Oftentimes, we find ourselves not being able to because he has to continue working, and I usually fall asleep with the kids. So, we hardly talk sometimes. So sad I know.
But we now have a new thing where we started spending time with each other on the bed when both kids are drinking their milk and slowly going into dreamworld. We would be lying down with them in the darkroom, and start talking and sharing our day and stuff.
Last night was one of the nights where our conversation was somehow steered to a serious-life-changing-kind where we discussed things like future plans and whatnots.
The kind of conversation where it makes you think hard and talk hard with each other.
The realization is that as much as I enjoyed staying home spending 24/7 with my children, I cannot deny that I miss a part of me that only exists when I am at work (whether in the office or working remotely).
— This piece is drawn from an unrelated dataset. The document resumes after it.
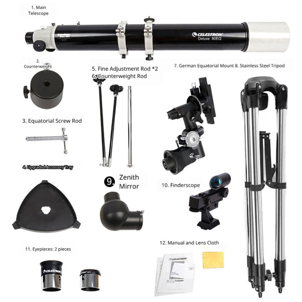 Telescopio Astronómico Profesional Celestron 80Mm. Alta Potencia Con Trípode Y Lente Barlow 3X.

It felt like I was losing something in me - be it some sort of passion or drive or motivation (if you know what I mean) and after sharing that with Adrian, he completely agrees. Something changed in me. Something seems a bit off. Hah.
So, we re-visit the idea of me going back to work and we continued to wonder if that is the right thing to do, because I really love spending time with Alex and Sofia. I definitely would want to find something that allows me to work from home (flexible to go into the office anytime).
I do like to work in the office, but I need the flexibility to work elsewhere.
It was such a great conversation with Adrian that night. I felt relieved and we had gin & tonic after that. Hah.
The next morning, I updated my resume.